A sensor that is only composed of one RNS ring counter is used as a reference to measure the clock signal with a fixed frequency of 20MHz, and the remaining sensors are RO sensors. Sensor locations are fixed using a physical constraint file via a TCL script. The deployment of 1400 sensors is shown in Figure 4.6, where the right image shows the complete fabric and the left image is the magnification of the bottom-left part of the fabric. In Figure 4.6, the sensors are placed into physical blocks (Pblocks) marked in pink consisting of two rectangles next to each other, where the RO is located into the larger rectangle and the counter located into the smaller one. The reference sensor only includes the RNS ring counter (Count\_0), which is used to measure the clock signal with a fixed frequency of 20MHz. An ageing sensor (sensor 14) is composed of one RO (RO\_14) and one RNS ring counter (Count\_14).



Figure 4.6: The deployment of 1400 sensors

### 4.3 Design and Operation of the Proposed Method

In this section, the design and operation of the proposed PV mapping technique are presented. The overall architecture is already presented in the introduction of this chapter, and here we focus in more detail on the modules developed in this thesis work and their operation. The main design is shown in Figure 4.7, where N sensors are placed in the sensor array, and a controller is a state machine that operates the sensors and stores the results in memory via the AXI interface.

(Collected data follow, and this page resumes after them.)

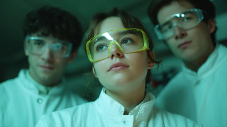This vibrant image showcases a group of young scientists wearing protective gear in a laboratory setting, emphasizing innovation, teamwork, and the spirit of scientific discovery.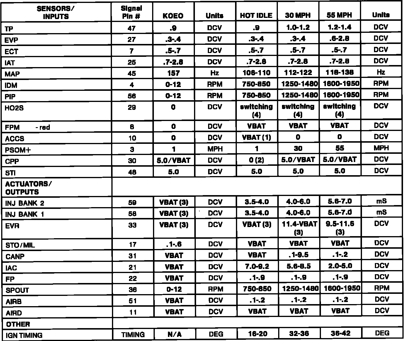 (4) -- HO2S should switch from rich (red LED) to lean (green LED), or lean to rich, at least once every 3 seconds. HO2S voltage should toggle above and below .450 DCV and should never be a negative value.
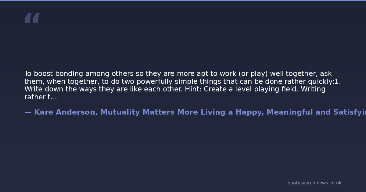 To boost bonding among others so they are more apt to work (or play) well together, ask them, when together, to do two powerfully simple things that can be done rather quickly:1. Write down the ways they are like each other. Hint: Create a level playing field. Writing rather than immediately sharing helps slow thinkers keep up with fast thinkers. Fast thinkers aren't smarter, just different in their thinking processes, and each kind has advantages and pitfalls, so they can accomplish more together than when a majority in a group think and speak at the same speed. Hint: Salespeople are often fast thinkers.2. Share with each other what they wrote, going around the circle, one by one.Bonus benefit: Other studies show that when you reflect on how you are similar to those with whom you are talking, you pay more attention to them. You care about them more. That spurs the other person to listen more closely to you.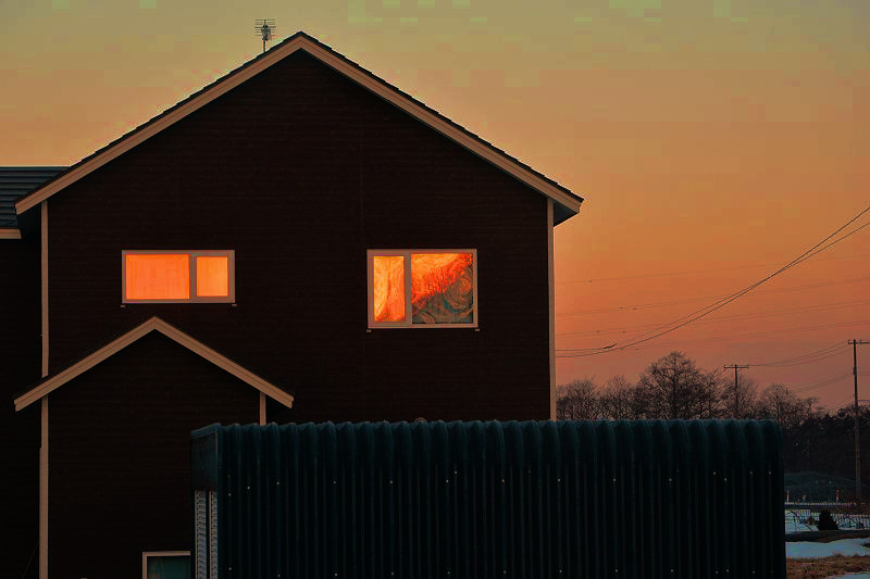 今朝は少し早く目覚めて、何気なく外を見ると隣の家が日が登り始めた朝焼けの中に浮かび上がっている。

Figure 4.7: The Principal Design of our method

The operation flow of our method is illustrated in Figure 4.8, where 'N\_S' and 'N\_R' represent the number of sensors and the number of repetitions. The repetition of measurements is a feature that we only need for precision measurement experiments, and is not meant to be always included in the PV mapping circuitry. The main reason for this is that for repeating measurements for a sensor, there is a need to reset the SRL32 blocks (as SRL32s lack a reset signal and are normally meant to be initialized once during the programming of the FPGAs). The added reset circuitry takes resources from the fabric that could otherwise be used for including more sensors into the PV mapping design.



Figure 4.8: The operation flow of our method

As shown in Figure 4.8, the operation is described as follows. First, the signal *sensor\_id*[N - 1:0] is specified to select among the residues outputs of the N sensors. Then, the signal *ro\_select*[N - 1:0] and *counter\_select*[N - 1:0] are used to activate the RO and the counter of corresponding sensor, respectively. In addition, the signal *residues*[2:0] and *addr*[15:0] are utilized to find the residues and store the three residues.

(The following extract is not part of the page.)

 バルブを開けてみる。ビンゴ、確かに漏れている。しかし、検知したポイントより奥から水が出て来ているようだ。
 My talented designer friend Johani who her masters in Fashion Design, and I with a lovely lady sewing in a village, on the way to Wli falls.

In order to avoid metastability in clock domain crossing and remove glitches (by glitches, we mean the width of the clock enable signals being less than what is allowed by the specification ), *counter\_select* needs synchronization, which can be achieved by introducing extra FFs shown as in Figure 4.9.

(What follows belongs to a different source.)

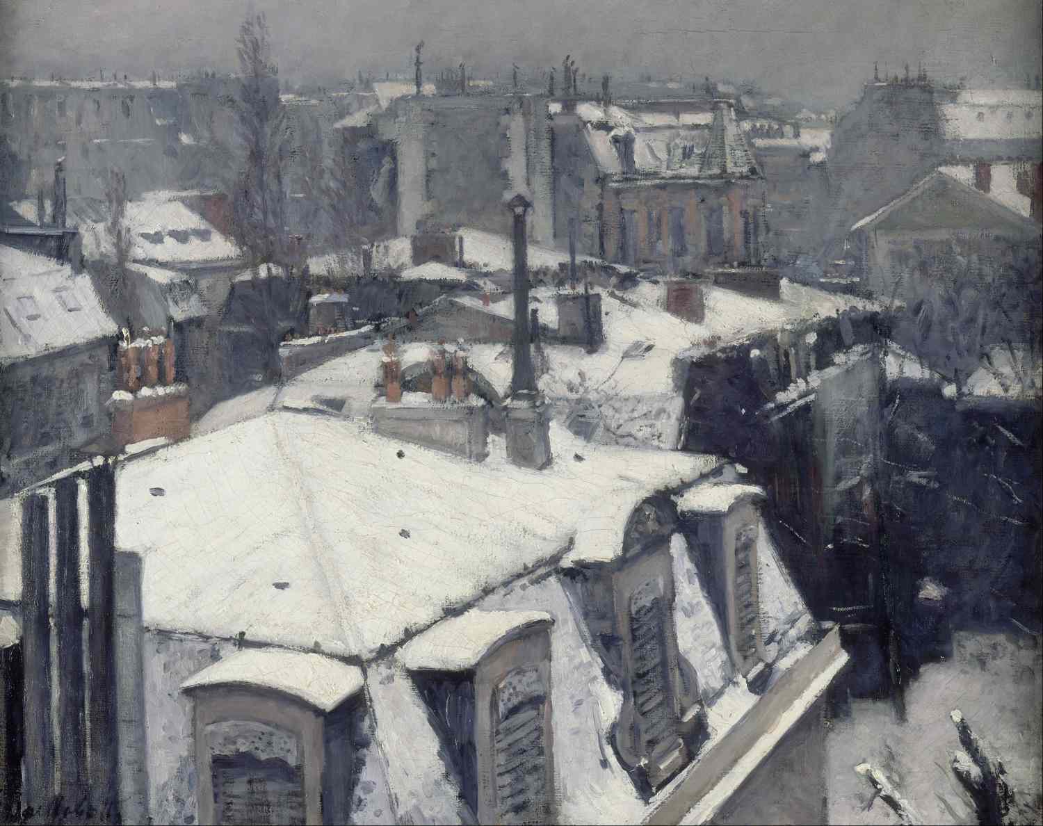 The artwork titled «View Of Rooftops (snow)» by Gustave Caillebotte, created in 1878, is an exquisite oil on canvas measuring 64 x 82 cm. Currently housed in the Musée d’Orsay in Paris, the artwork depicts a serene yet melancholic snowy landscape of urban rooftops. The muted, cool tones capture the quietude and stillness of a winter day, showcasing Caillebotte’s meticulous attention to the play of light on snow and architectural details. The scene embodies the essence of a crisp winter morning, offering a captivating glimpse into 19th-century Parisian life.

Figure 4.9: The schematic of introducing extra Flip-Flops

To activate and read from each sensor, the select signal (i.e.  $sensor_id[N-1:0]$ ) is set to choose the residues output of the sensor that is being activated. After the sensor's output is chosen, the enable signal of RO (i.e.  $ro\_select = 1$ ) is activated such that RO starts oscillating. To let RO reach a steady-state with a stable and constant frequency, the controller waits for 10.24  $\mu s$ , and next, the enable signal of the counter is activated to count (i.e. *counter select* = 1) for 40.96  $\mu$ s. These time durations are chosen to abide by the total  $50\mu s$  maximum activation of the RO mentioned in [10] to avoid damages due to extra heating. In Section 4.4, we will discuss the impact of the choice on measurement length of the accuracy of measurements. After that, enabling signals of RO and counter are disabled in separate steps to allow the *counter\_select* signal propagate to the counter before we disable the RO (i.e.  $ro\_select = counter\_select = 0$ ). When the controller has a higher frequency than the ROs, we need to wait for at least  $2 \times \frac{F_C}{F_{RO}}$  clock cycles ( $F_C$  being the frequency of the controller, and  $F_{RO}$  being the frequency of the RO) to let the deactivation signal go through the synchronization flip-flops before the RO is disabled. Then, the 15-bit address (5-bit address bus for each SRL32) is swept, and simultaneously the 3-bits output from the RNS ring counters (each bit for one SRL32 output) is monitored for a value of '1' to obtain the residue values of the counter. Since each residue bit comes from a different SRL, the three residue bits do not become '1' at the same time, and therefore, as soon as a residue bit becomes '1', its corresponding 5-bit address is stored. The value of the counter's 15-bit address bus is stored as the concatenation of the three separately stored 5-bit addresses. Next, the obtained residue values are stored in the BRAMs via the AXI interface. When the residues are recorded, it means that one measurement of one sensor is finished. Then, immediately, the next sensor is chosen and the above steps are repeated until one measurement of all sensors is done.

The memory requirements for a design with N sensors and M repetitions is calculated as:

$$M_{size} = \frac{16(bits) * N(sensors) * M(times)}{1024 * 8bits} (Kbytes)$$
(4.1)

where  $M_{size}$  is the size of memory, and 16-bits is used to store the three residues.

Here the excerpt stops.